*** Dataset records Section Begins ***

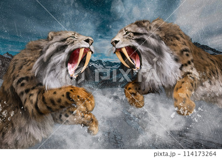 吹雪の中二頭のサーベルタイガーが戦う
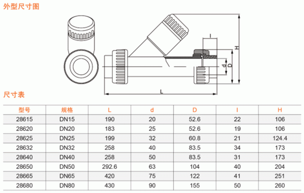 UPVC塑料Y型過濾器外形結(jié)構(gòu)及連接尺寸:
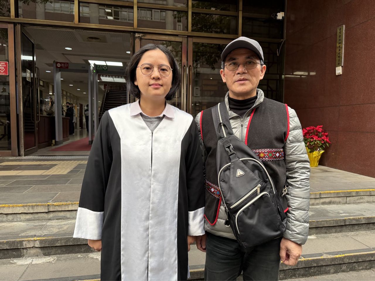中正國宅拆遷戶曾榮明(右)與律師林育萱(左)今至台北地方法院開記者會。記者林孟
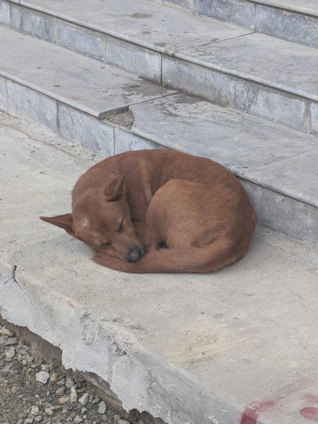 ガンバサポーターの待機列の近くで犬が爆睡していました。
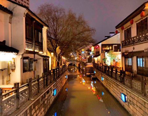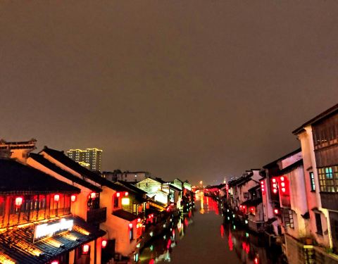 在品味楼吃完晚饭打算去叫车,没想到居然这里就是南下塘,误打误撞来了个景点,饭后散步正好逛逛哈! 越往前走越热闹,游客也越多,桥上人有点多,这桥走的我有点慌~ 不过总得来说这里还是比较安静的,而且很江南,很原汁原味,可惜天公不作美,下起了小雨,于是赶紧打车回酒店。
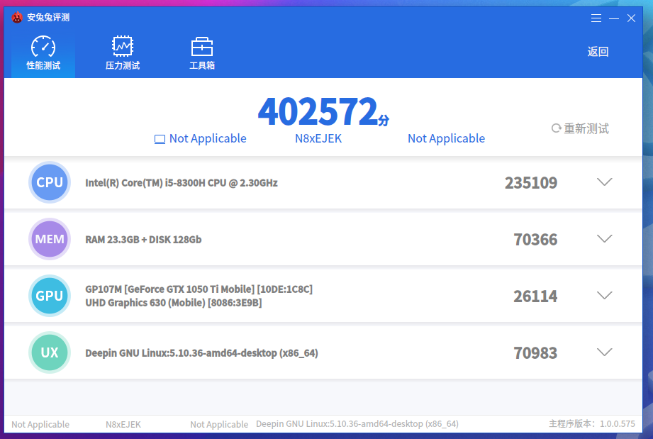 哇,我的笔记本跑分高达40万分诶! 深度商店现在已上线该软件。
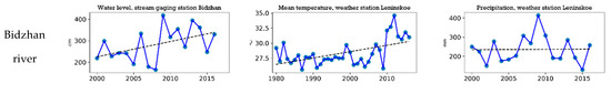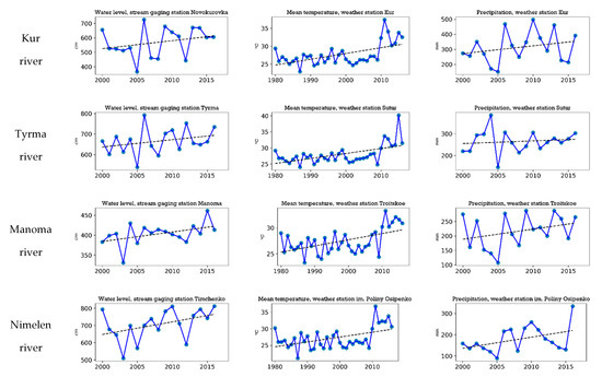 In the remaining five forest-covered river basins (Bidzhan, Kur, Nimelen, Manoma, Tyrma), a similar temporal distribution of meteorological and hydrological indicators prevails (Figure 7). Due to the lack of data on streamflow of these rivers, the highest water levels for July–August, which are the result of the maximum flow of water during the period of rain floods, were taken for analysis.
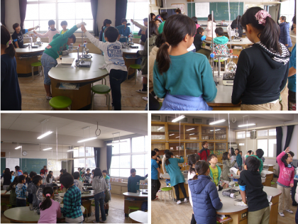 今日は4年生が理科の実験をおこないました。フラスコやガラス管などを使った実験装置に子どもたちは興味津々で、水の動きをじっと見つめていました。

*** Dataset records Section Ends ***

**Activity**
Your answer must be the lines from the line containing "ガンバサポーターの待機列の近くで犬が爆睡していました。" through the final line of the data, written out exactly, both ends included and pictures left out.

**Answer box**
 ガンバサポーターの待機列の近くで犬が爆睡していました。
 在品味楼吃完晚饭打算去叫车,没想到居然这里就是南下塘,误打误撞来了个景点,饭后散步正好逛逛哈! 越往前走越热闹,游客也越多,桥上人有点多,这桥走的我有点慌~ 不过总得来说这里还是比较安静的,而且很江南,很原汁原味,可惜天公不作美,下起了小雨,于是赶紧打车回酒店。
 哇,我的笔记本跑分高达40万分诶! 深度商店现在已上线该软件。
 In the remaining five forest-covered river basins (Bidzhan, Kur, Nimelen, Manoma, Tyrma), a similar temporal distribution of meteorological and hydrological indicators prevails (Figure 7). Due to the lack of data on streamflow of these rivers, the highest water levels for July–August, which are the result of the maximum flow of water during the period of rain floods, were taken for analysis.
 今日は4年生が理科の実験をおこないました。フラスコやガラス管などを使った実験装置に子どもたちは興味津々で、水の動きをじっと見つめていました。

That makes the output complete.